Data shown:
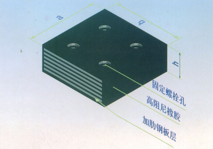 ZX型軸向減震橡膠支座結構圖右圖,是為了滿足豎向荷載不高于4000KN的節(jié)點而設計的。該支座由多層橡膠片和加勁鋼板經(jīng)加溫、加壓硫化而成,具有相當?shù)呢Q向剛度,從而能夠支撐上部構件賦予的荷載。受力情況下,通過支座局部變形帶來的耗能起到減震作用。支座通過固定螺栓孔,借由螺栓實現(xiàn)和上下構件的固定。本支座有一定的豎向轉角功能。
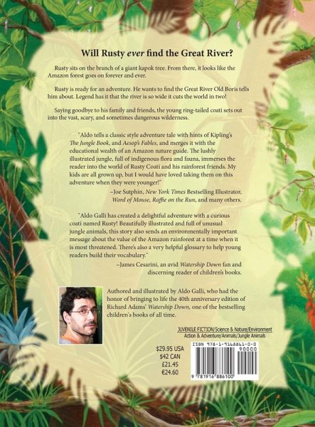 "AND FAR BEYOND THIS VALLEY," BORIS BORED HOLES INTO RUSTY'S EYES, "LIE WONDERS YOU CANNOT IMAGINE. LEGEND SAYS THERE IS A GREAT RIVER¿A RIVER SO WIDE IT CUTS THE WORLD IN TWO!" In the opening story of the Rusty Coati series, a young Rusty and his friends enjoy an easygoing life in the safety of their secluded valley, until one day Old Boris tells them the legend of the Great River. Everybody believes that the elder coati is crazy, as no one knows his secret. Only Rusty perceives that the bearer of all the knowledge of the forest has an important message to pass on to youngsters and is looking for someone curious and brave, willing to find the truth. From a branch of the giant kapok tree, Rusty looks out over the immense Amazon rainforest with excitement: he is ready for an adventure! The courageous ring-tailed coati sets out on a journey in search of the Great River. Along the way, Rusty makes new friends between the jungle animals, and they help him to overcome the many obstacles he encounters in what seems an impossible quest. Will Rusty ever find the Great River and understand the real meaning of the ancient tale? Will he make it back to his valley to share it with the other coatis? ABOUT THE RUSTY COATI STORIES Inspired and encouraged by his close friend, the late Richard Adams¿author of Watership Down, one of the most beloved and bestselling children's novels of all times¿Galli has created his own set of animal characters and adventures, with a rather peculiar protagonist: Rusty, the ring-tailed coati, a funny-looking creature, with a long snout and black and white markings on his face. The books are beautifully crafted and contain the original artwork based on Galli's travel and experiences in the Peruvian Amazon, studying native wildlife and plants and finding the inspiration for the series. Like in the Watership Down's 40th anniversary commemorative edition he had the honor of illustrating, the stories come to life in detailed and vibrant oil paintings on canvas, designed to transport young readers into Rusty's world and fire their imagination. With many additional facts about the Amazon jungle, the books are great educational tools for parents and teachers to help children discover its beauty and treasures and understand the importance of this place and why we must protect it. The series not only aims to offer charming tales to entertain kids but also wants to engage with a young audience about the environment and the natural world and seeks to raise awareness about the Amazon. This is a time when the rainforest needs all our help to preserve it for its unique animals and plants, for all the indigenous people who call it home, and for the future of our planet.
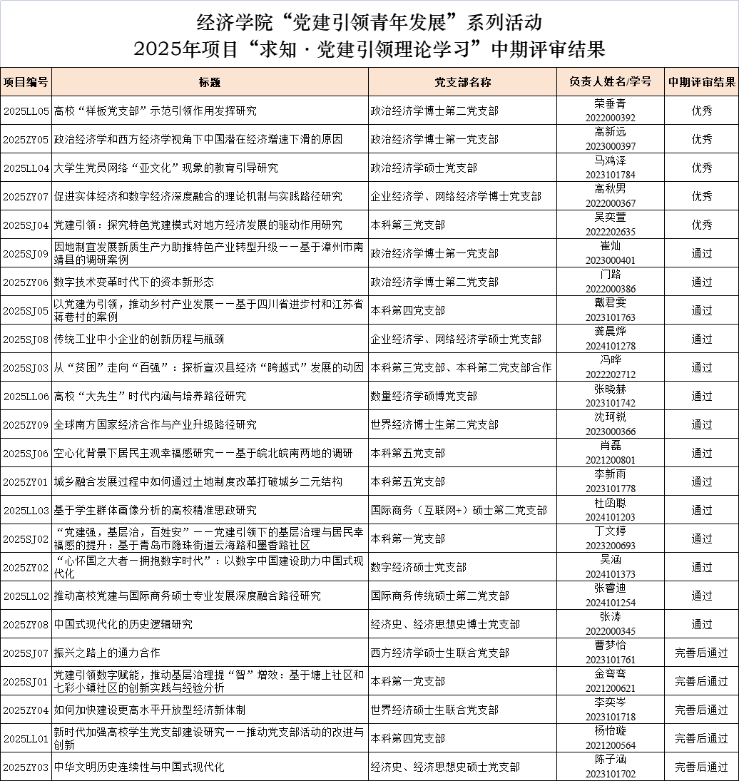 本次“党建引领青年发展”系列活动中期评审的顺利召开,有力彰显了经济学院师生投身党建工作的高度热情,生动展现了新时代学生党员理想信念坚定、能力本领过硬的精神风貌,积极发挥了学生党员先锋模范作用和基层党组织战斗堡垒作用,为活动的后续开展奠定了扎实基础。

* * *

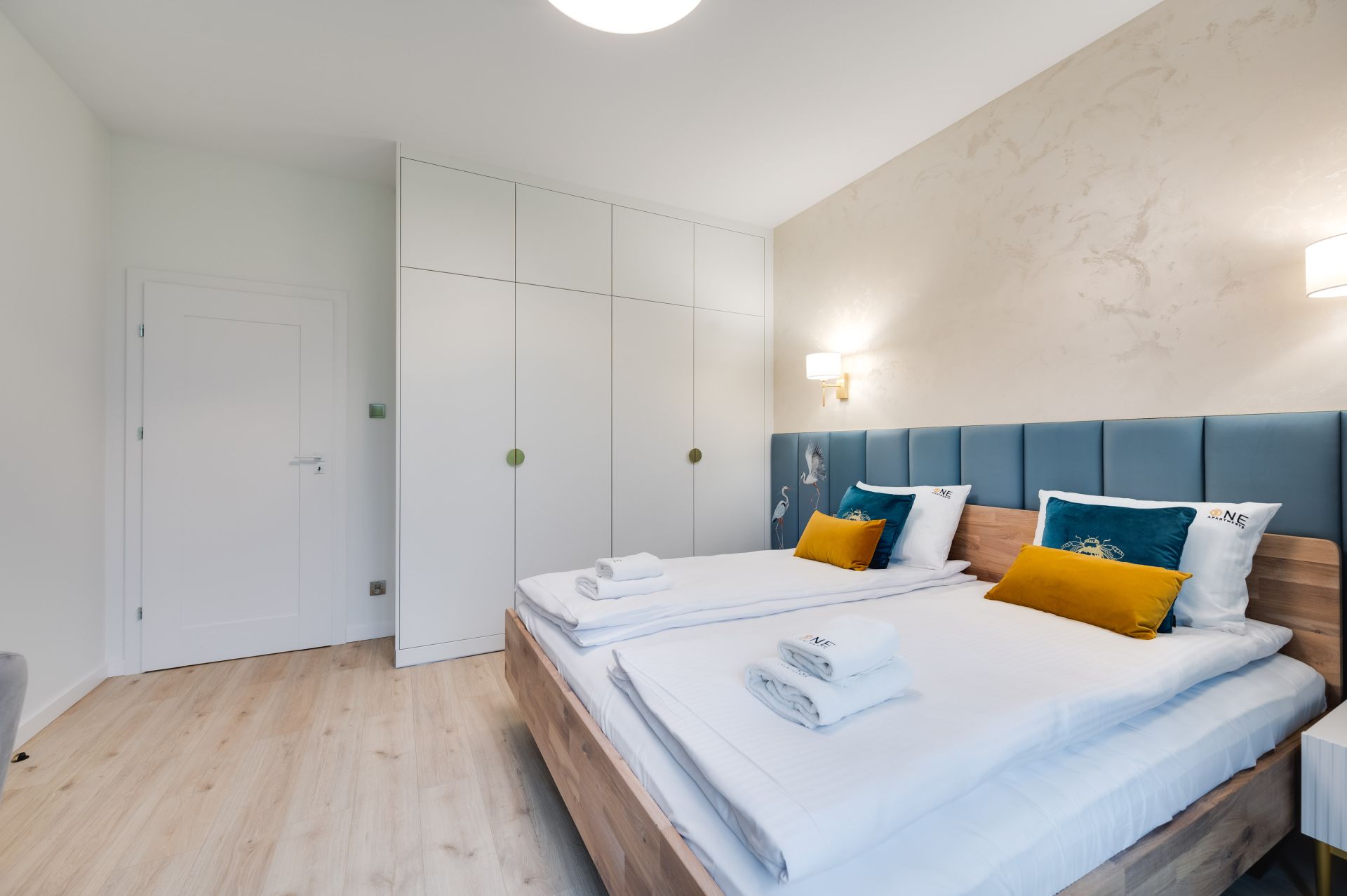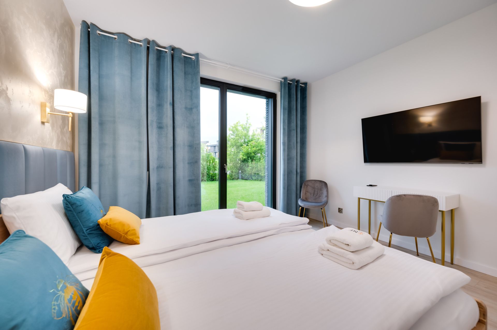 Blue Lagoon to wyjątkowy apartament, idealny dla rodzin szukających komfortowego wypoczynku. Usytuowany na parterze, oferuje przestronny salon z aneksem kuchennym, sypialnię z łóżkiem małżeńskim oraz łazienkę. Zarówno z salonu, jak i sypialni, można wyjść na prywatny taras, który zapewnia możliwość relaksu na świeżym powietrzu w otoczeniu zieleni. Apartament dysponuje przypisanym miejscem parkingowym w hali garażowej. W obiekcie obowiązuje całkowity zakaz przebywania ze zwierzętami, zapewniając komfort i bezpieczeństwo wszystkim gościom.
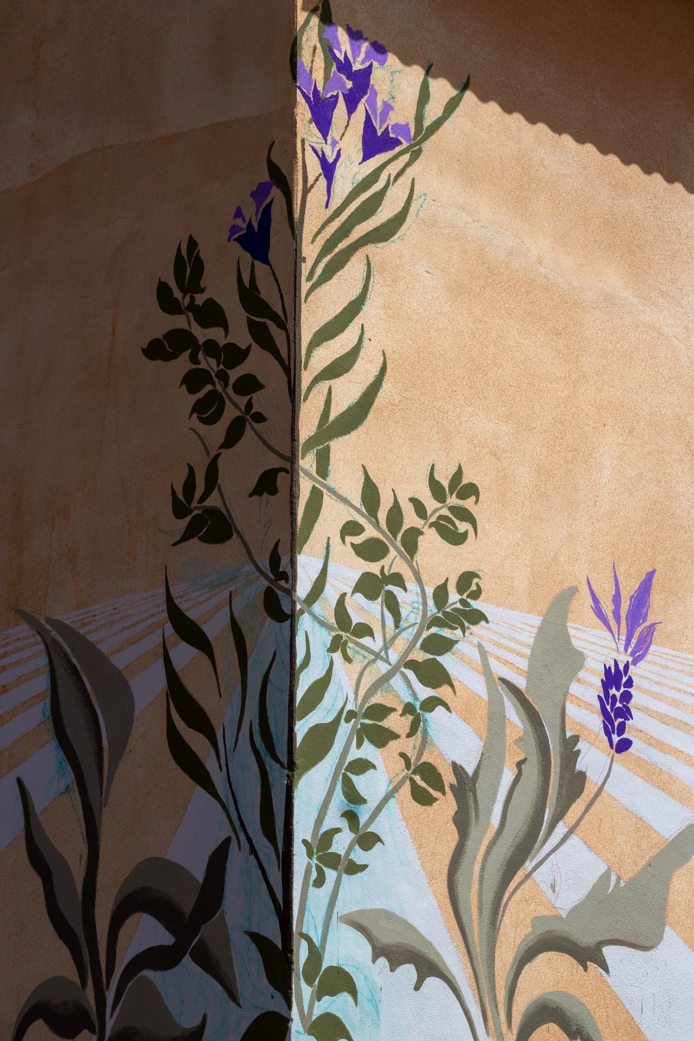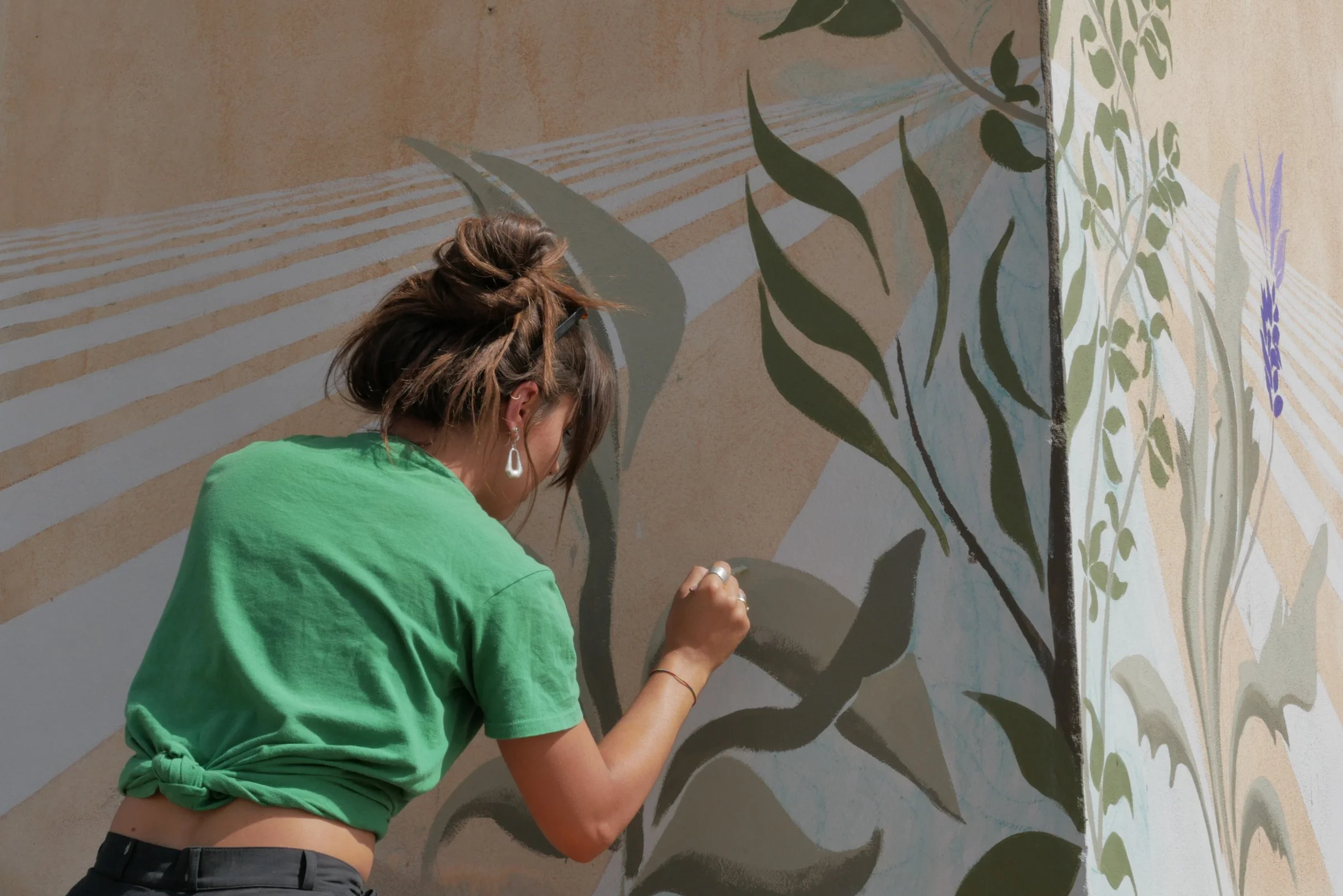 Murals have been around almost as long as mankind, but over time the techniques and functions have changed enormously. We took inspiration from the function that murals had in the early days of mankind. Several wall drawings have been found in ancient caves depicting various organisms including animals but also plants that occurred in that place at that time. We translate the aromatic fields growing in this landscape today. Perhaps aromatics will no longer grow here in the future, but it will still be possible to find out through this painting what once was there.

Aim of the exercise: What you return from the records above should be exactly everything from the line with "Blue Lagoon to" down to the line with "Murals have been", both kept, and no pictures.

Your response:
 Blue Lagoon to wyjątkowy apartament, idealny dla rodzin szukających komfortowego wypoczynku. Usytuowany na parterze, oferuje przestronny salon z aneksem kuchennym, sypialnię z łóżkiem małżeńskim oraz łazienkę. Zarówno z salonu, jak i sypialni, można wyjść na prywatny taras, który zapewnia możliwość relaksu na świeżym powietrzu w otoczeniu zieleni. Apartament dysponuje przypisanym miejscem parkingowym w hali garażowej. W obiekcie obowiązuje całkowity zakaz przebywania ze zwierzętami, zapewniając komfort i bezpieczeństwo wszystkim gościom.
 Murals have been around almost as long as mankind, but over time the techniques and functions have changed enormously. We took inspiration from the function that murals had in the early days of mankind. Several wall drawings have been found in ancient caves depicting various organisms including animals but also plants that occurred in that place at that time. We translate the aromatic fields growing in this landscape today. Perhaps aromatics will no longer grow here in the future, but it will still be possible to find out through this painting what once was there.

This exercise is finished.